DeepSeek資金調達の交渉相手が、まさかの国家だった。フィナンシャル・タイムズが5月6日に報じたところによると、中国の国家系半導体ファンド「大基金(ビッグファンド)」が、AI新興企業DeepSeekへの巨額出資ラウンドをリードする方向で交渉を進めているという。DeepSeekは今年1月、米国の最先端モデルに匹敵する性能を格安コストで叩き出してシリコンバレーを震撼させた、あの会社だ。
大基金がAIソフトに手を伸ばした「異例」の理由
大基金はこれまで、SMIC(中芯国際)など半導体製造インフラへの投資で知られてきた。チップを焼く側、つまりハード寄りのファンドというのが市場の共通認識だった。それがAIソフトウェア企業への直接出資に動いたとすれば、相当な路線変更になる。
背景にあるのは米国の対中半導体輸出規制の強化だろう。NvidiaのH100はおろか、その廉価版H800すら手が届きにくくなるなか、中国は「使えるチップが限られるなら、そのチップで最大の成果を引き出すソフトを国家が持てばいい」という発想に舵を切りつつあるらしい。ハードウェアの調達が詰まるほど、ソフトウェアの内製化が国策として浮上してくる構図だ。
「中国の国家支援チップファンドがDeepSeekの巨額資金調達ラウンドをリードする交渉を行っている」(フィナンシャル・タイムズ、Bloombergが引用)
DeepSeek側の事情も読んでおく必要がある。1月の衝撃デビュー以降、DeepSeekには世界中から注目が集まったが、それは同時に米議会や安全保障当局の視線も意味する。国家資本が入ることで、DeepSeekは資金面での安定を得る一方、「国家に管理された企業」というレッテルも引き受けることになる。
米中AI覇権、「規制の穴」をソフトで埋める戦術
米中AI覇権という文脈で見ると、この動きはかなり整合的に見える。米国がチップ輸出を締め上げるほど、中国はソフトウェアとモデル開発に国家リソースを集中させる。DeepSeekが証明したのは、潤沢なGPUがなくても一流のモデルは作れるという事実だった。その実績を持つ企業を国家が囲い込めば、規制の効果を相当程度に打ち消せる可能性がある。

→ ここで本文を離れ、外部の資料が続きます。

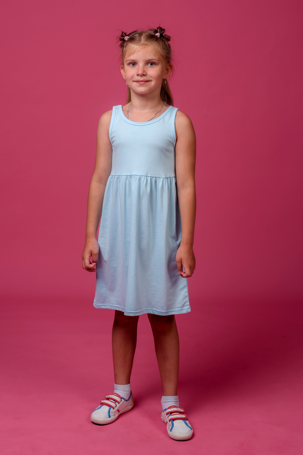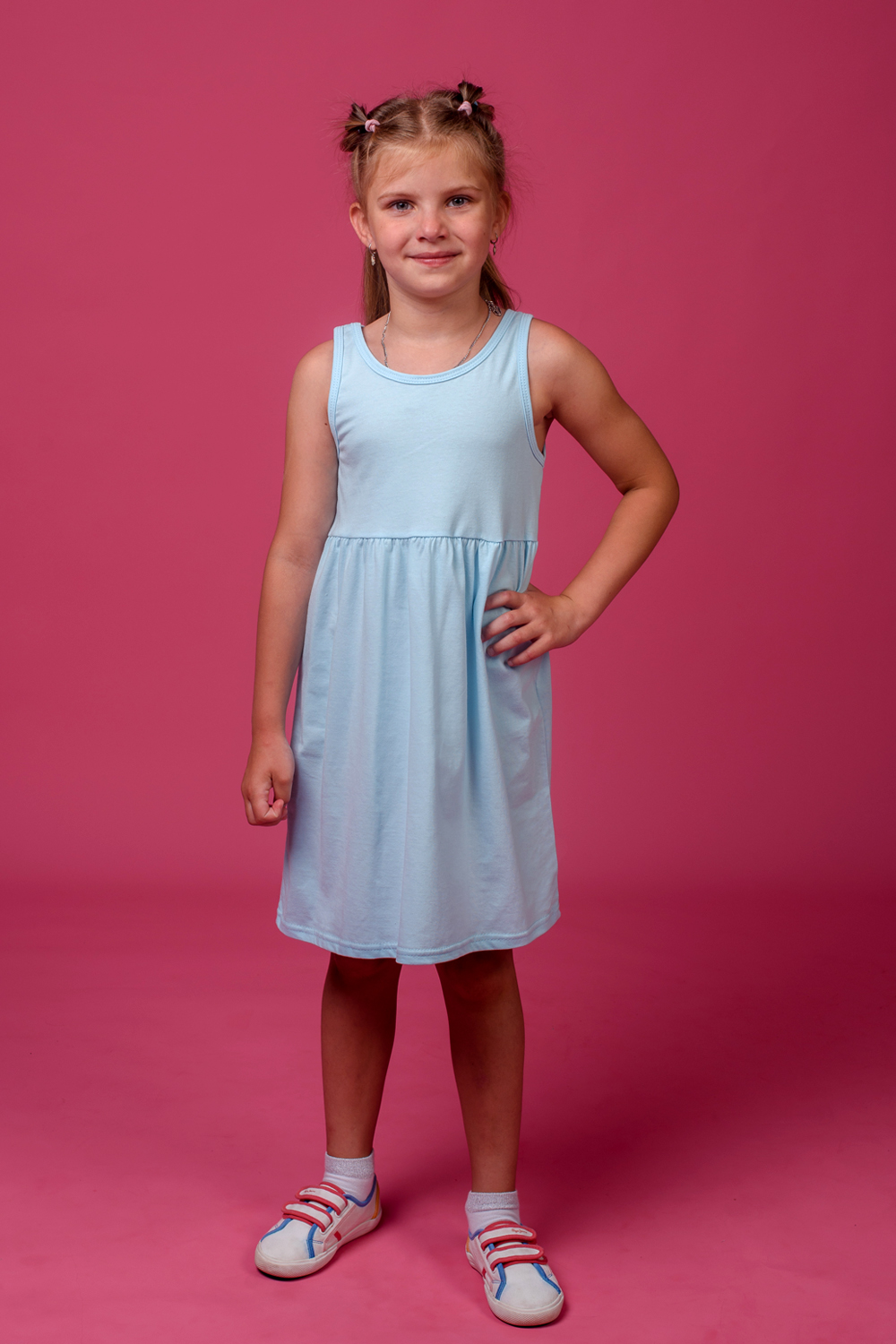 Платье детское - отличный вариант на каждый день. Платье для девочки с завышенной линией талии имеет округлый вырез горловины и юбку со сборкой. Платье детское трикотажное из натурального хлопка очень приятно к телу и позволяет маленькой моднице с комфортом заниматься своими обычными делами. Платье для девочки прекрасно подойдёт для походов в детский сад, игр на детской площадке, прогулок по городу и других мероприятий, имеющих место в жизни ребёнка. Платье детское трикотажное имеет стильный дизайн. Такое платье в подарок порадует каждую маленькую представительницу прекрасного пола! Материал хлопок - не требует особого ухода, достаточно лишь соблюдать рекомендации по стирке, которые можно найти на ярлыке изделия.

シリコンバレーがDeepSeekショックから立ち直り切っていないうちに、北京はそのDeepSeekを「国家プロジェクト」に組み込もうとしている。投資家目線でも無視できないニュースで、オープンソース路線を取っていたDeepSeekが国家管理下に入ることでモデルの公開方針が変わるかもしれない、という懸念も出始めているらしい。
この先どうなる
交渉はまだ「進行中」の段階で、出資額や持ち分比率などの詳細は明らかになっていない。今後の注目点は三つ。一つ目は大基金の出資が正式決定するかどうか。二つ目は、それを受けて米国が追加制裁や輸出規制の対象をAIソフト企業にまで広げるかどうか。三つ目はDeepSeekのオープンソース戦略が維持されるかどうかだ。国家資本が入ったモデルを世界が「中立なオープンソース」として使い続けるかどうか、そこに最大の摩擦が生まれそうな予感がある。